A further object of the present invention is to provide an indication of the state of the chemiluminescent lighting device from previous handling and to disclose a packaging method which is applied inexpensively.
[0018]
It is a further object of the present invention to teach the use of shrink wrap type packaging that allows one hand to be removed, allowing rapid deployment and activation.

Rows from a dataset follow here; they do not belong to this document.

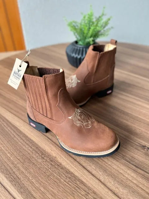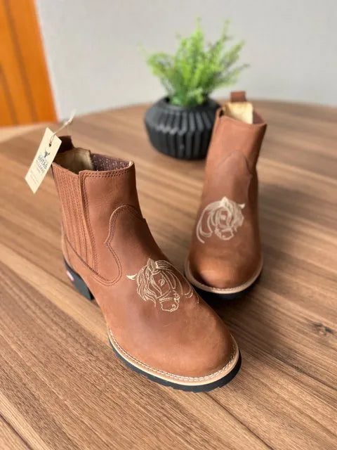 Botina Marcos - Couro Horse Nescau/ Bordado Cavalo Bege (Bico Redondo)
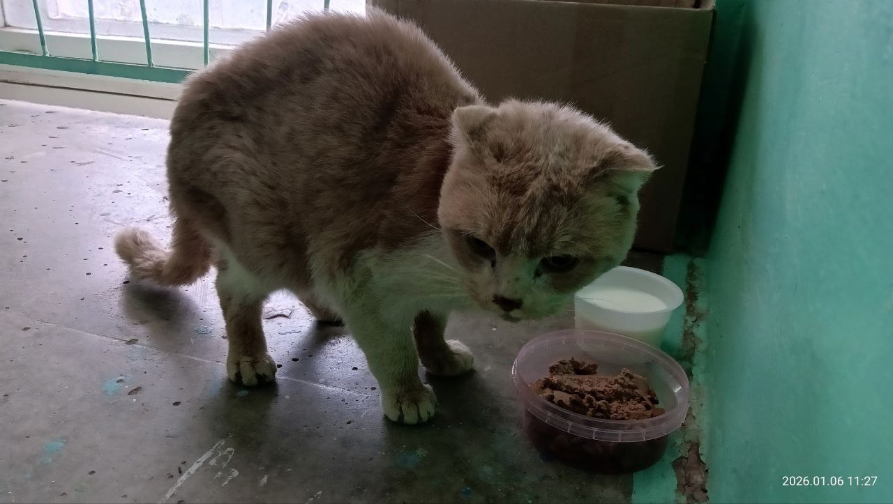 Срочно передержка!!! Котик болен и истощен. Дала ему таблетку доксициклина и больше не могу ничем помочь! Домой занести не могу, он заразит моих кошек. Клетку отдала, нету вариантов забрать.
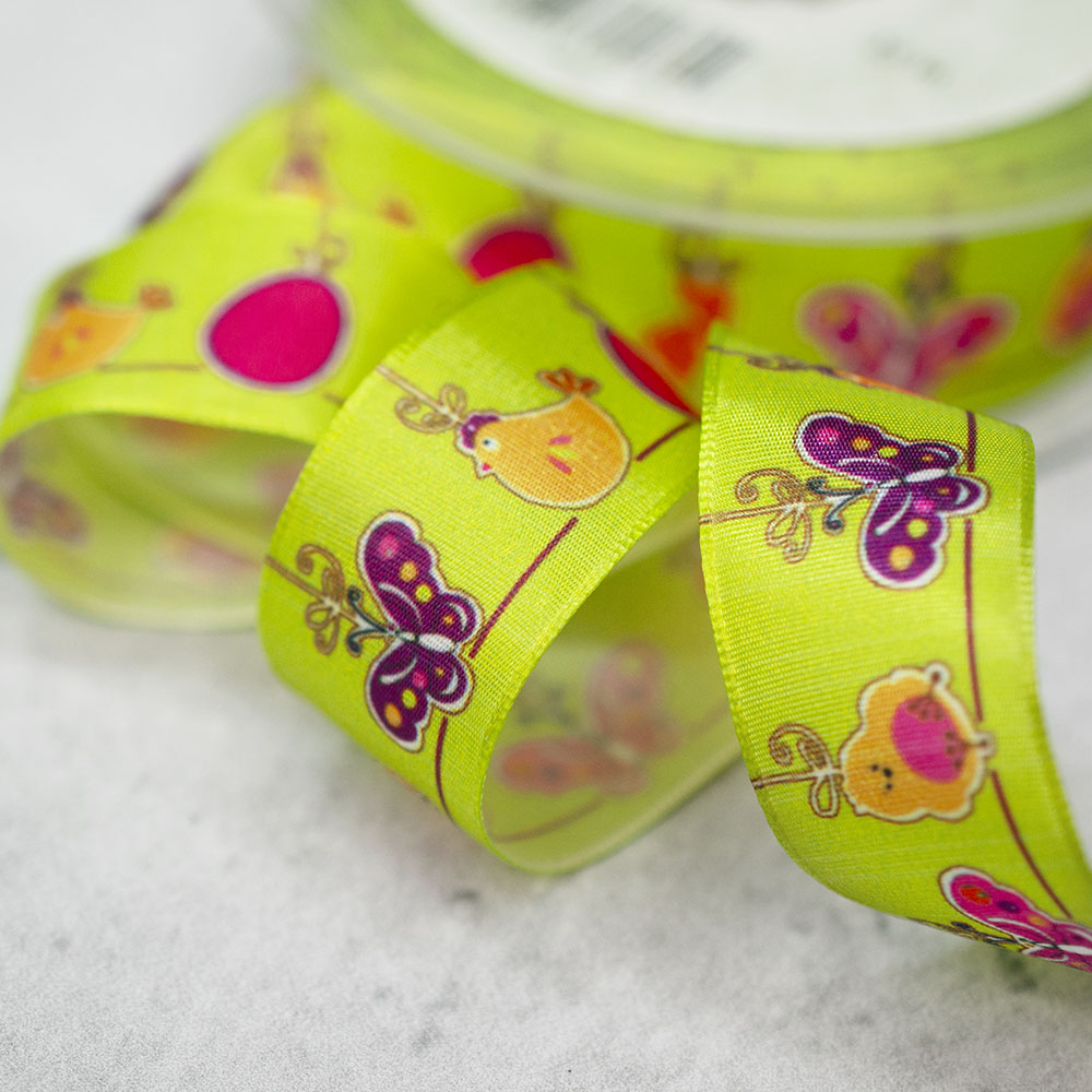 Ozdobna taśma satynowa z motywem wielkanocnym. Świetnie sprawdzi się na różnego rodzaju dekoracje, nadając im świąteczny nastrój.
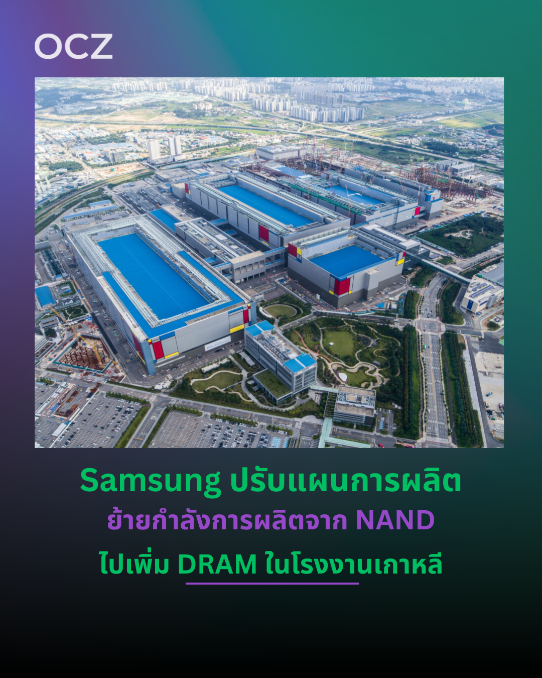 ตามรายงานจากอุตสาหกรรมเกาหลีที่อ้างโดย SE Daily ระบุว่า Samsung มีแผนจะปรับไลน์การผลิตบางส่วนจาก NAND Flash ไปเป็น DRAM ในโรงงาน Pyeongtaek และ Hwaseong นอกจากนี้ โรงงานใหม่ Pyeongtaek Fab 4 (P4) ที่กำลังจะเปิดใช้งาน จะถูกตั้งค่าให้เป็นไลน์ผลิต DRAM เพียงอย่างเดียว โดยใช้กระบวนการผลิตรุ่นล่าสุดอย่าง “1c process”
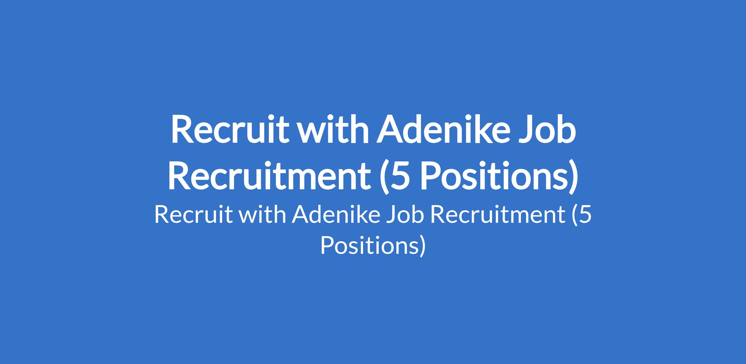 Recruit with Adenike Job Recruitment (5 Positions)
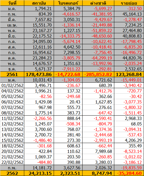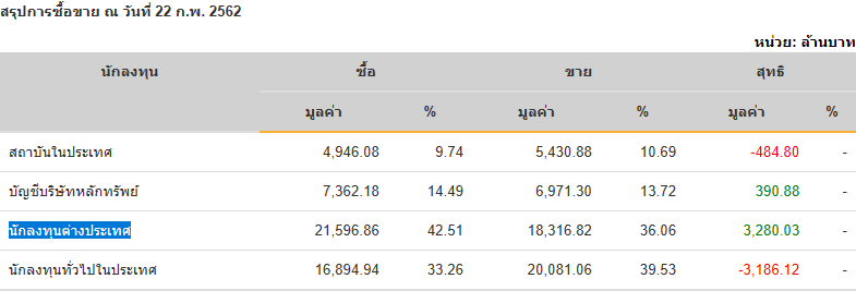 Sinthorn Summary 22/2/2562 : ต่างชาติซื้อสุทธิ 3,280.03 ลบ.
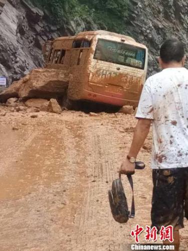 7月8日至7月9日,广元市再一次迎来强降雨天气过程。9日上午11时40分左右,一辆乘坐20余人的客车在途经旺苍县双汇镇至国华镇麻柳沟路段时,突遇山体滑坡。一块巨石砸中车头部分,导致车辆方向失控,被推至悬崖边,情况十分危急。
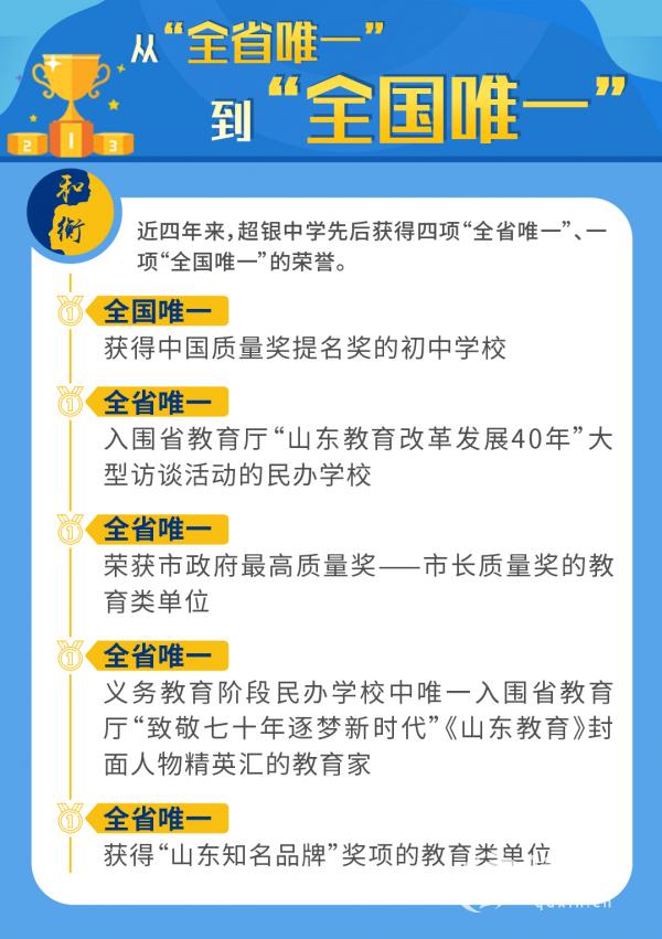 2016年,超银导入在国际上被广泛认同并被众多知名企业应用的卓越绩效管理模式,跳出教育做教育,促进学校质量管理进一步规范化、标准化。学校结合多年的教育教学实践总结提炼出“点亮人生”“和衡”素质教育质量管理模式,而这正是此次超银获奖的硬核实力。
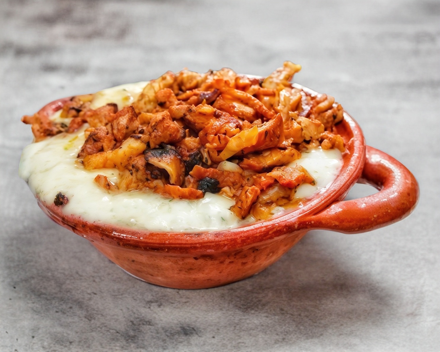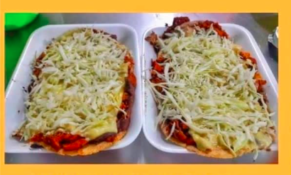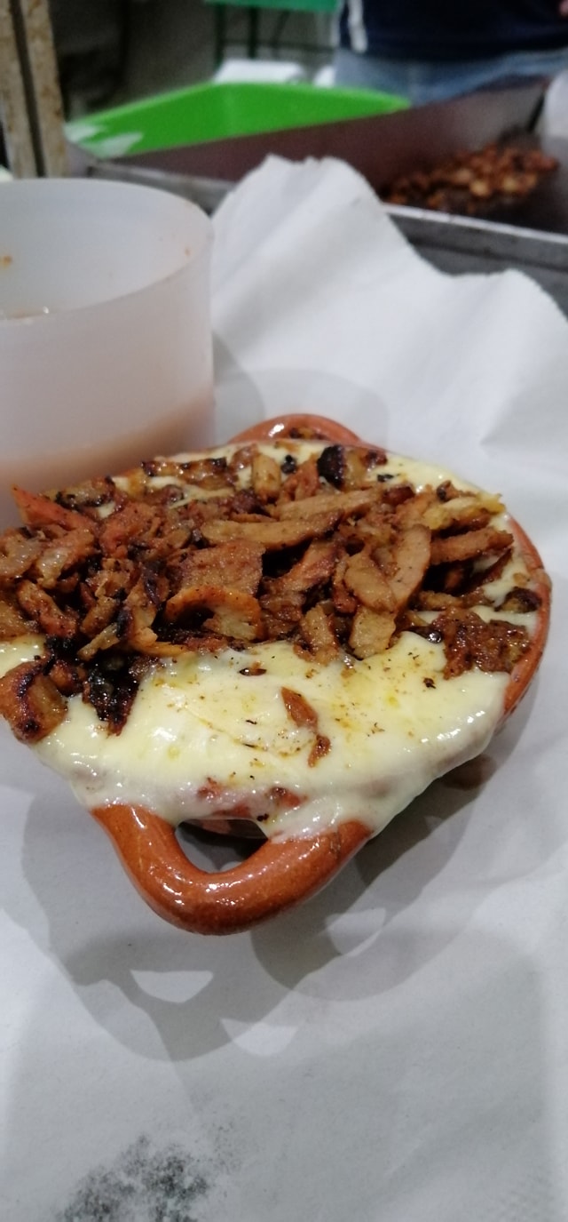 Masa acompañada con frijoles, pastor, queso, repollo, media crema y salsas

A further object is to disclose a package that allows compact storage of chemiluminescent lighting devices.
[0019]
Other objects and advantages of the present invention will become apparent from the following description, with reference to the accompanying drawings, given for the purpose of illustrating and illustrating some embodiments of the invention. These drawings form part of the specification and include exemplary examples of the invention and illustrate various objects and features thereof.
[0020]
While specific forms of the invention are illustrated, it is to be understood that the invention is not limited to the specific forms and arrangements described and illustrated herein. It will be apparent to those skilled in the art that various modifications can be made without departing from the scope of the invention and that the invention should not be limited to that shown in the drawings and the description herein.
[0021]
Referring to FIG. 1, a chemiluminescent lighting device 10 sold under the Applicant's trademark “CYALUME” is shown. An ampoule 12 containing the oxalate portion of the chemiluminescent agent mixture is shown enclosed in a housing or outer container 14 that further contains the activator portion 16 of the chemiluminescent agent mixture.
[0022]
It should be specified that there are numerous types of housings. For example, referring to FIG. 2, another chemiluminescent lighting device 20 is shown in which an outer container 24 defines first and second hollow chambers, and the first hollow chamber 26 is chemiluminescent. The oxalate component or activator of the sense agent is included, and the second hollow chamber 28 is filled with the oxalate component or activator of the second chemiluminescent agent. The chambers are separated by a fragile partition wall or a removable partition wall 30, thus the luminaire is when the partition wall is destroyed or removed, thereby allowing mixing of the oxalate component and activator of the chemiluminescent agent. , Activation can be obtained.
[0023]
For convenience, the following embodiment is described with reference to the embodiment of FIG. 1, but it is within the scope of the present invention to introduce any type of chemiluminescent housing.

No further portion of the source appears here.